Kenanga Research & Investment

Malaysia 1Q18 GDP - Growth slows to 5.4%, downside risk ahead

kiasutrader
Publish date: Fri, 18 May 2018, 10:10 AM

OVERVIEW

  • Growth moderates. GDP growth moderated to 5.4% YoY in 1Q18 from 5.9% in 4Q17, below both consensus and our forecast of 5.6% and 5.7% respectively. On QoQ, it fell by 4.2% after it expanded by 3.1% in 4Q17. Meanwhile, seasonally adjusted 1Q18 GDP expanded by 1.4% QoQ, higher compared to 4Q17’s 1.0%.
  • Domestic demand slows.
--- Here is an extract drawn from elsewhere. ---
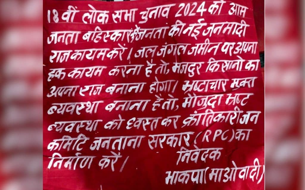 बैनर पर लिखा था- 18वीं लोकसभा चुनाव का आम जनता बहिष्कार करे. जनता की नई जनवादी राज्य कायम करें. जल जंगल जमीन पर अपना हक कायम करना है, तो मजदूर किसानों का अपना राज बनाना होगा. भ्रष्टाचारमुक्त व्यवस्था बनाना है, तो मौजूदा भ्रष्ट व्यवस्था को ध्वस्त कर क्रांतिकारी जन कमेटी जनता के सरकार का गठन करने की बात लिखे 7 बैनर के साथ एक की-पैड वाला मोबाइल फोन भी बरामद हुआ.

Domestic demand growth moderated further in 1Q18 to 4.1% YoY (4Q17: 6.2%), contributing 3.8 percentage points (ppt) to headline GDP growth compared to 5.7 ppt in 4Q17. This is mainly due to a growth contraction 0.1% YoY in public spending in 1Q18 after an expansion of 3.4% in 4Q17. The consumption part of government spending slowed sharply to just 0.4% from 4Q17’s 6.8% while its investment side fell by 1.0% (4Q17: -1.4%). Unlike previous periods closer to or during an election year, it reflected restrained government spending. Fixed investment also contributed to the slower domestic demand, it moderated sharply to 0.1% YoY from 4.3% in 4Q17. Main support to domestic demand came from private consumption, growing 6.9% YoY in 1Q18, slightly lower than 7.0% in 4Q17. Meanwhile, net exports contributed a larger 4.0 ppts to GDP growth (4Q17: 0.2 ppt), the highest since 1Q10, as import growth contracted by 2.0% (4Q17: +7.3%), despite the moderation in export growth to 3.7% from 6.7% in 4Q17.
  • Sector wise broadly lower. With the exception of the services sector, growth is slower on the supply side. The services sector growth expanded to 6.5% in 1Q18 from 6.2% in 4Q17 attributable to expansion in wholesale trade, government services, finance, and communication. The agriculture sector was the biggest loser as its YoY growth slowed sharply to 2.8% in 1Q18 from 10.7% in 4Q17 due to unfavourable rubber and palm oil production as well as base effect. Surprisingly, construction growth slowed to 4.9%, the slowest since 2Q11 despite ongoing major infrastructure projects and supposedly higher development spending ahead of the election. Meanwhile, manufacturing was expectedly lower and within our estimate of 5.3% (4Q17: 5.5%) reflecting the deteriorating global PMI condition and moderating exports’ growth.
  • Downside risk ahead. As the change in government will likely put a damper on private investment due to policy uncertainty and disrupt public spending we see downside risks to our GDP forecast going forward. The only upside to growth could possibly be derive from higher private consumption following the government’s decision to scrap the Goods and Services Tax (setting its rate at zero on 1 June) and take its time to implement the sales and services tax. External factors may also weigh on growth mainly the expectation that exports would continue to slow on the back of the slowing global demand for consumer electronics especially mobile devices. Hence, we revise our 2018 GDP forecast to 5.1% in 2018 from 5.5% (2017: 5.9%). Nonetheless, there could be offsetting factors if the government takes an aggressive approach to review major infrastructure projects. It then can prioritise or strategically delay projects that have high import content as it did in the 1990s. Less import could help boost net exports and support GDP growth.
  • Monetary policy to remain accommodative. Although the central bank has left interest rates unchanged since it raised the overnight policy rate (OPR) in January, the outlook for monetary policy may have turned considerably uncertain following the change in government. The biggest risk to the monetary policy outlook is that a post-election sharp decline in investment would exacerbate an economic slowdown. This may prompt BNM to loosen its monetary policy and cut interest rates. For now we are maintaining our view that the OPR will remain on hold until the end of the year.